(Source data):
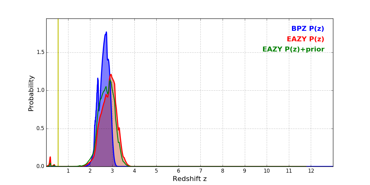 In P(z) plots: Yellow lines mark the cluster redshift z = 0.546,
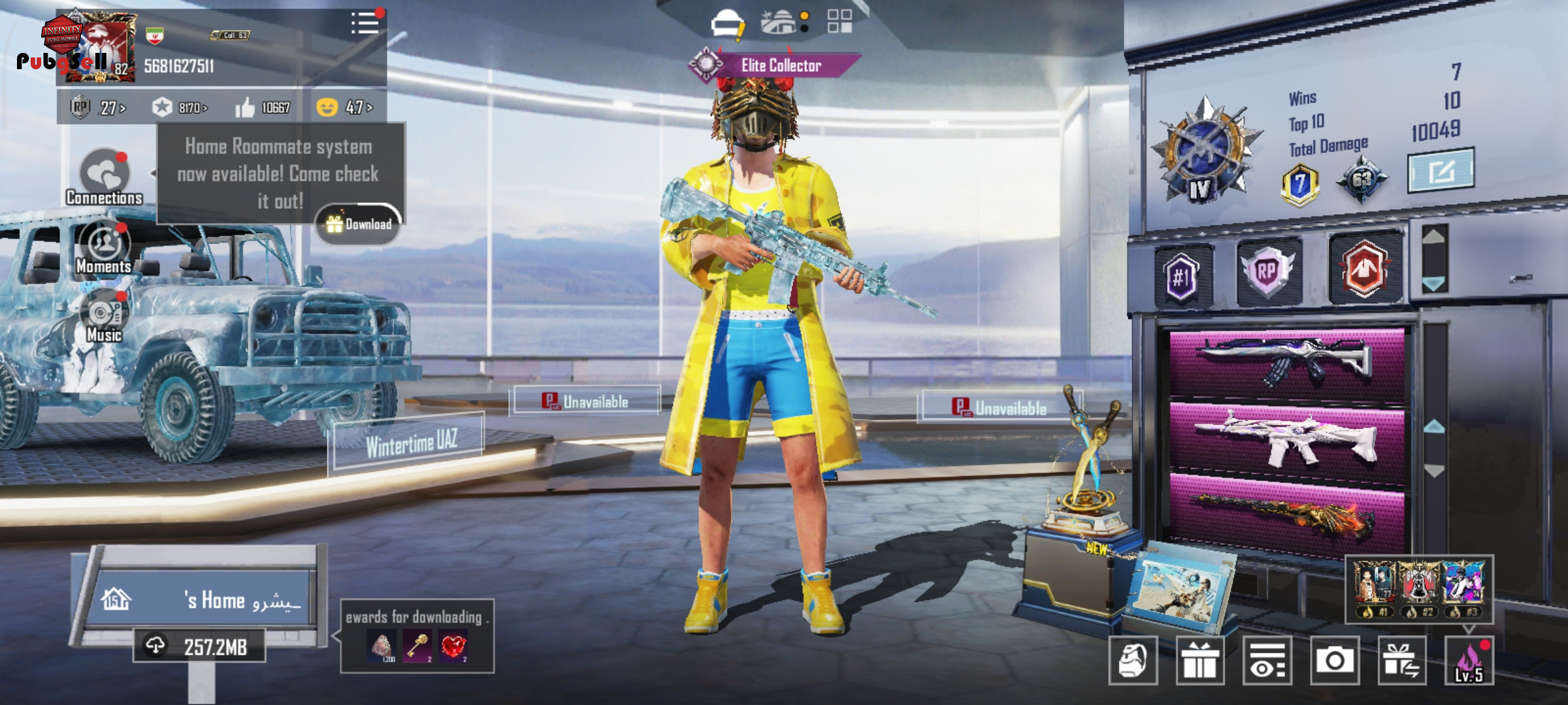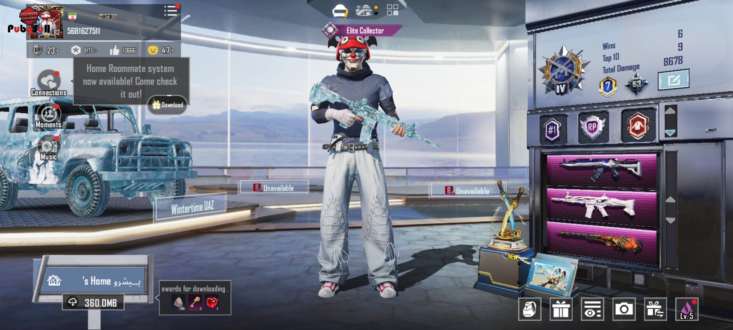 امفور یخی (مکس) ایدبل7لول(کیل مسیج) اسکارال7لول(لول3) ام هفصد یونیکورن(کیل مسیح) ام هفتصد7لول(لول1) آم جی تری(آبگریدی گردونه) 100تیر الایت(Bp)لول1 ام کا14الایت(BP)لول 1 ویکتور التیمت7لول(کیل مسیج) یو ام پی(کیل مسیح) بی پی(کیل مسیج) و 14گان دیگر که 5تاش کیل مسیج هست ایکسوتDrvaionلول یک بک بک متیک ایکسوت بک بک سیزن14 و 42بک بک دیگه هلموت میتک ایکسوت علما سیزن12 و 45هلمت دیگه لباس سیزن 12تا 17الایت رو داره ست سیزن 2کامل تمامی لباس های که از سیزن ده داخل بازی بوده رو دارههمه دنس های خفن بازی که قدیمی بودن رو دارع لباس تی دی امی خنده و لیمو و ست قدیمی بازی که شاید هر کسی نداشته باشه رو این اکانت هست یا بیمارستان ست کاپیتان و خیلی زیادتر اسماسونو نمیدونم ولی خفن تر از ایمان اندی کارلو سارا و دوتا کاراکتر دیگه بجز ویکتور رو داره که کل لباس ها و دنس هاشونو گرفتم دوتا گان لنجند که کلا کیل مسیجن و هرگان قدیمی که بگی بالای5تا اسکین داره اکانت اگه یا تی دی ام هاشو ببینی پشمات میریزه ماشین یخی سیزن 2
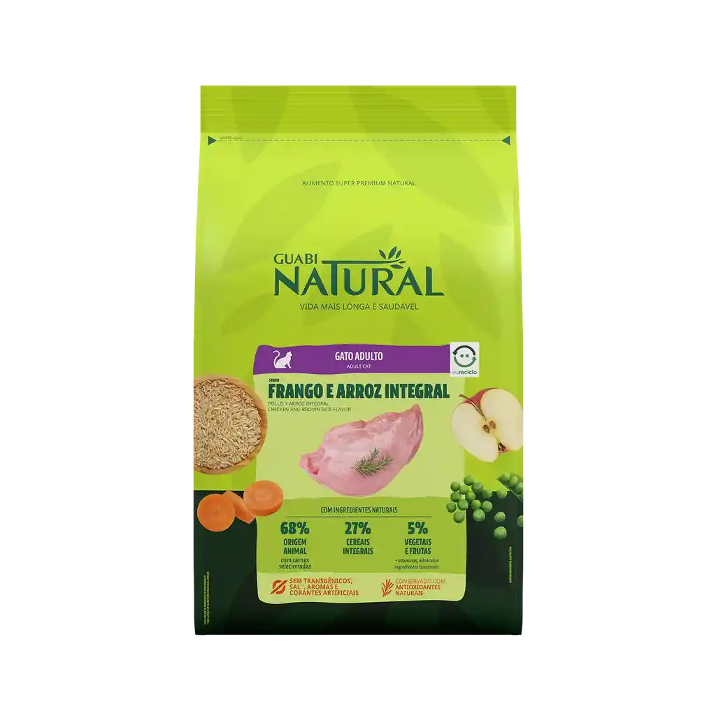 Guabi Natural Gato Senior Castrado Sabor Pollo Arroz Integral Granplus presenta su Alimento para Gatos Adultos Castrado con exquisito sabor a Pollo y Arroz Integral. Nuestra misión es ofrecer alimentos con todos los nutrientes que tu mascota necesita para tener una vida más larga y saludable. Con nuestro conocimiento en nutrición animal, seleccionamos y combinamos los mejores ingredientes de la naturaleza, monitoreando cada etapa de preparación desde su origen, para ofrecerte a ti y a tu mascota alimentos con calidad y seguridad en los que puedes confiar. Libre de transgénicos, sal, sabores y colorantes artificiales, conservado con antioxidantes naturales. Carnes seleccionadas: Con una alta cantidad de carnes seleccionadas de alta palatabilidad y que, combinadas con ricas fuentes de omegas 6/3, contribuyen a una piel y pelaje más sanos. Verduras y frutas: Con verduras y frutas seleccionadas y enriquecidas con antioxidantes que contribuyen a una vida más larga y saludable. Cereales integrales: Con granos enteros, fibras y prebióticos que ayudan en la salud intestinal y la correcta formación de heces. Apoya el peso corporal adecuado: Cuidadosamente desarrollado y enriquecido con ingredientes funcionales para satisfacer las necesidades del metabolismo del gato castrado. Contribuye a la salud urinaria: con cantidades equilibradas de minerales y con control del pH para apoyar la salud del tracto urinario Conoce más Fórmula del Alimento para gatitos 🐱🌿 Vitamina A 15400UI, Vitamina D3 447UI, Vitamina E 600UI, Vitamina K3 0,1mg, Vitamina C 200mg, Vitamina B1 9mg, Vitamina B2 5,1mg, Vitamina B6 4mg, Vitamina B12 29μg, Pantotenato de Calcio 9,3mg, Ácido Fólico 1,2mg, Ácido Nicotínico 51mg, Biotina 0,11mg, Colina 1430mg, Zinc 83mg, Hierro 88mg, Manganeso 11mg, Yodo 2mg, Selenio 0,33mg, Cobre 11mg.
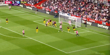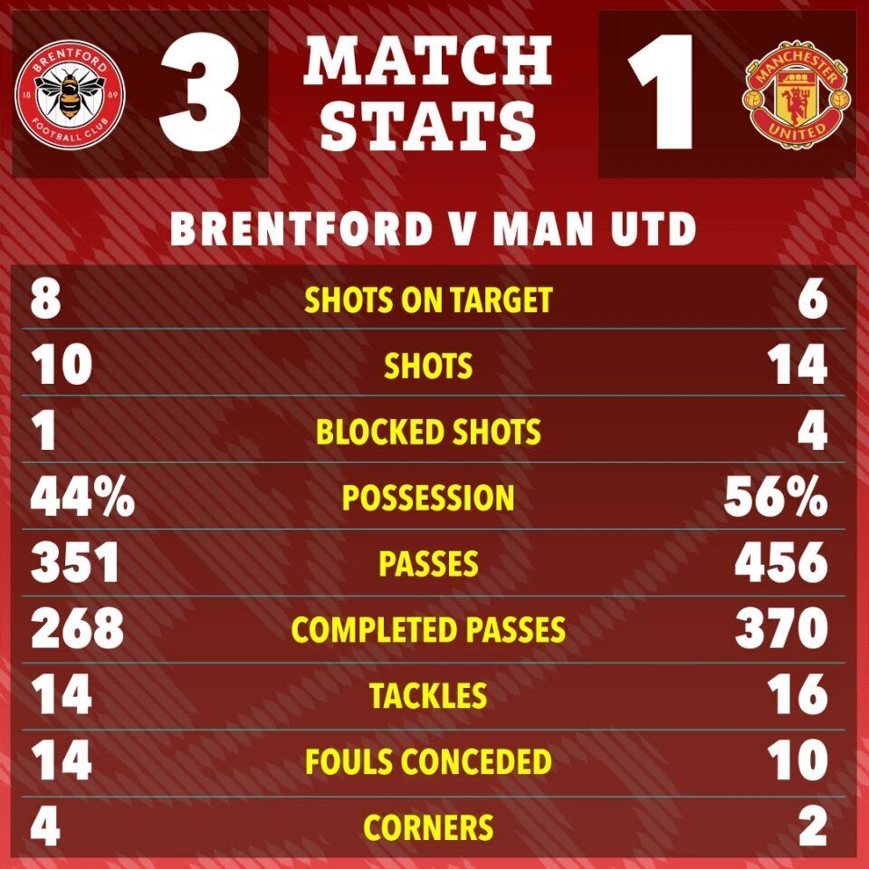 比赛补时阶段,布伦特福德通过反击锁定胜局。马蒂亚斯·延森接到亚尔莫柳克的传球后带到禁区前远射,巴因迪尔把守的球门再次被攻破,曼联1-3败走麦城。
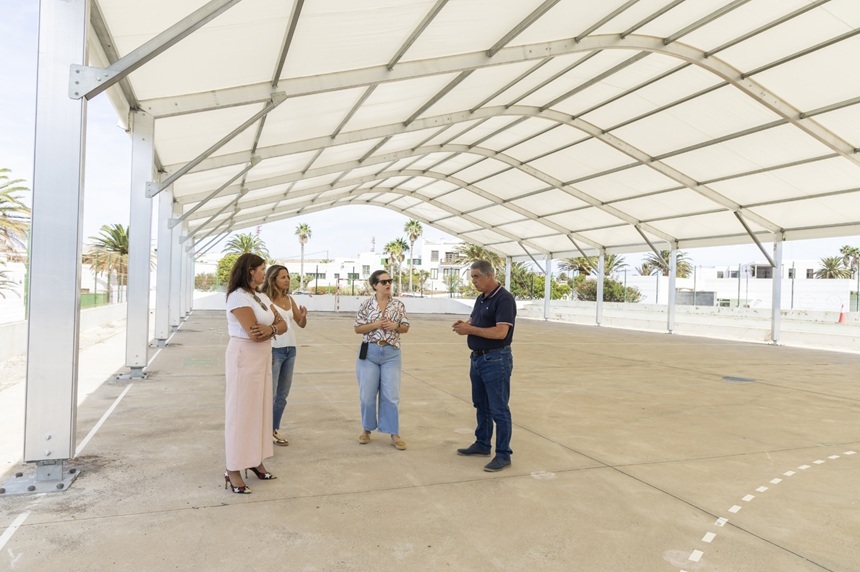El Ayuntamiento de Teguise, a través de las áreas de Educación y Vías y Obras, está llevando a cabo la instalación de una cubierta en el CEIP Doctor Alfonso Spínola, en La Villa, con el objetivo de ofrecer mayor confort y protección frente al sol al alumnado y al personal docente del centro.
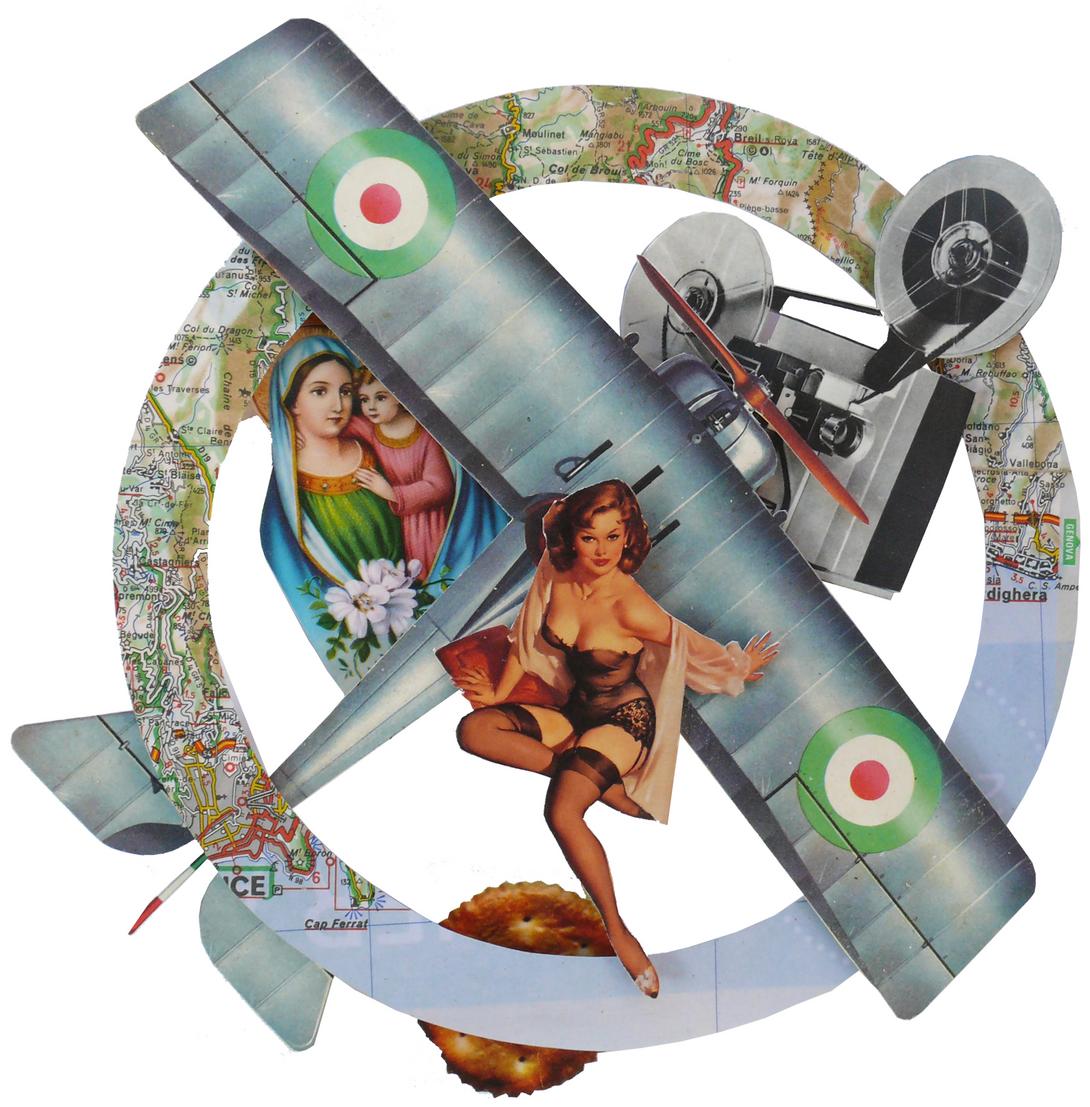 Bien souvent j’utilise des images frappantes chargées de symboles inhérents à notre société. Ces éléments fortement chargés en représentation sont présents pour renforcer le propos du collage.
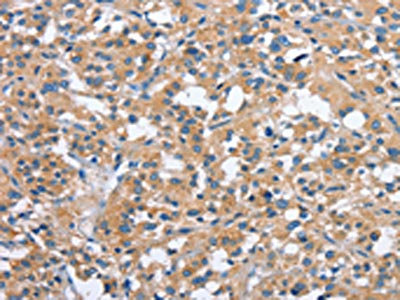 The image on the left is immunohistochemistry of paraffin-embedded Human liver cancer tissue using CSB-PA552213(PAK2 Antibody) at dilution 1/40, on the right is treated with fusion protein. (Original magnification: ×200)
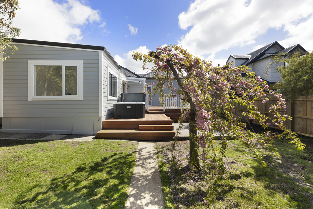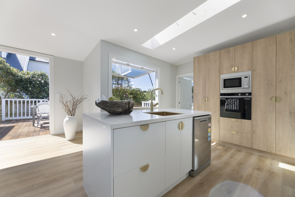 Inside, the light-filled open-plan living area connects seamlessly to a brand-new designer kitchen with stone benchtops, quality appliances, and warm timber tones. Large sliding doors open to a sun-soaked Kwila deck and landscaped garden, providing an easy indoor-outdoor flow perfect for entertaining or relaxing.
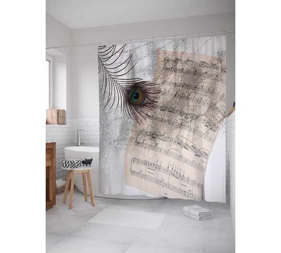 Штора (занавеска) для ванной JoyArty "Прекрасное перо" из сатена, 180х200 см с крючками, sc_17187
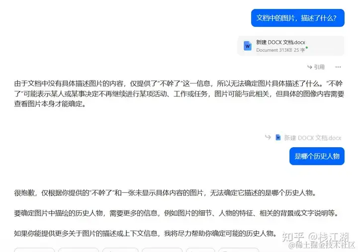 文心一言3.5支持上传word、pdf及图片格式的文件,上传图片后它可以解析出图片中木板上刻着“不幹了”字样,但无法给不出图片中描述的是哪些历史人物。

(Exercise brief): Write out the records above in full and exactly, with no pictures.

(Exercise response):
 In P(z) plots: Yellow lines mark the cluster redshift z = 0.546,
 امفور یخی (مکس) ایدبل7لول(کیل مسیج) اسکارال7لول(لول3) ام هفصد یونیکورن(کیل مسیح) ام هفتصد7لول(لول1) آم جی تری(آبگریدی گردونه) 100تیر الایت(Bp)لول1 ام کا14الایت(BP)لول 1 ویکتور التیمت7لول(کیل مسیج) یو ام پی(کیل مسیح) بی پی(کیل مسیج) و 14گان دیگر که 5تاش کیل مسیج هست ایکسوتDrvaionلول یک بک بک متیک ایکسوت بک بک سیزن14 و 42بک بک دیگه هلموت میتک ایکسوت علما سیزن12 و 45هلمت دیگه لباس سیزن 12تا 17الایت رو داره ست سیزن 2کامل تمامی لباس های که از سیزن ده داخل بازی بوده رو دارههمه دنس های خفن بازی که قدیمی بودن رو دارع لباس تی دی امی خنده و لیمو و ست قدیمی بازی که شاید هر کسی نداشته باشه رو این اکانت هست یا بیمارستان ست کاپیتان و خیلی زیادتر اسماسونو نمیدونم ولی خفن تر از ایمان اندی کارلو سارا و دوتا کاراکتر دیگه بجز ویکتور رو داره که کل لباس ها و دنس هاشونو گرفتم دوتا گان لنجند که کلا کیل مسیجن و هرگان قدیمی که بگی بالای5تا اسکین داره اکانت اگه یا تی دی ام هاشو ببینی پشمات میریزه ماشین یخی سیزن 2
 Guabi Natural Gato Senior Castrado Sabor Pollo Arroz Integral Granplus presenta su Alimento para Gatos Adultos Castrado con exquisito sabor a Pollo y Arroz Integral. Nuestra misión es ofrecer alimentos con todos los nutrientes que tu mascota necesita para tener una vida más larga y saludable. Con nuestro conocimiento en nutrición animal, seleccionamos y combinamos los mejores ingredientes de la naturaleza, monitoreando cada etapa de preparación desde su origen, para ofrecerte a ti y a tu mascota alimentos con calidad y seguridad en los que puedes confiar. Libre de transgénicos, sal, sabores y colorantes artificiales, conservado con antioxidantes naturales. Carnes seleccionadas: Con una alta cantidad de carnes seleccionadas de alta palatabilidad y que, combinadas con ricas fuentes de omegas 6/3, contribuyen a una piel y pelaje más sanos. Verduras y frutas: Con verduras y frutas seleccionadas y enriquecidas con antioxidantes que contribuyen a una vida más larga y saludable. Cereales integrales: Con granos enteros, fibras y prebióticos que ayudan en la salud intestinal y la correcta formación de heces. Apoya el peso corporal adecuado: Cuidadosamente desarrollado y enriquecido con ingredientes funcionales para satisfacer las necesidades del metabolismo del gato castrado. Contribuye a la salud urinaria: con cantidades equilibradas de minerales y con control del pH para apoyar la salud del tracto urinario Conoce más Fórmula del Alimento para gatitos 🐱🌿 Vitamina A 15400UI, Vitamina D3 447UI, Vitamina E 600UI, Vitamina K3 0,1mg, Vitamina C 200mg, Vitamina B1 9mg, Vitamina B2 5,1mg, Vitamina B6 4mg, Vitamina B12 29μg, Pantotenato de Calcio 9,3mg, Ácido Fólico 1,2mg, Ácido Nicotínico 51mg, Biotina 0,11mg, Colina 1430mg, Zinc 83mg, Hierro 88mg, Manganeso 11mg, Yodo 2mg, Selenio 0,33mg, Cobre 11mg.
 比赛补时阶段,布伦特福德通过反击锁定胜局。马蒂亚斯·延森接到亚尔莫柳克的传球后带到禁区前远射,巴因迪尔把守的球门再次被攻破,曼联1-3败走麦城。
El Ayuntamiento de Teguise, a través de las áreas de Educación y Vías y Obras, está llevando a cabo la instalación de una cubierta en el CEIP Doctor Alfonso Spínola, en La Villa, con el objetivo de ofrecer mayor confort y protección frente al sol al alumnado y al personal docente del centro.
 Bien souvent j’utilise des images frappantes chargées de symboles inhérents à notre société. Ces éléments fortement chargés en représentation sont présents pour renforcer le propos du collage.
 The image on the left is immunohistochemistry of paraffin-embedded Human liver cancer tissue using CSB-PA552213(PAK2 Antibody) at dilution 1/40, on the right is treated with fusion protein. (Original magnification: ×200)
 Inside, the light-filled open-plan living area connects seamlessly to a brand-new designer kitchen with stone benchtops, quality appliances, and warm timber tones. Large sliding doors open to a sun-soaked Kwila deck and landscaped garden, providing an easy indoor-outdoor flow perfect for entertaining or relaxing.
 Штора (занавеска) для ванной JoyArty "Прекрасное перо" из сатена, 180х200 см с крючками, sc_17187
 文心一言3.5支持上传word、pdf及图片格式的文件,上传图片后它可以解析出图片中木板上刻着“不幹了”字样,但无法给不出图片中描述的是哪些历史人物。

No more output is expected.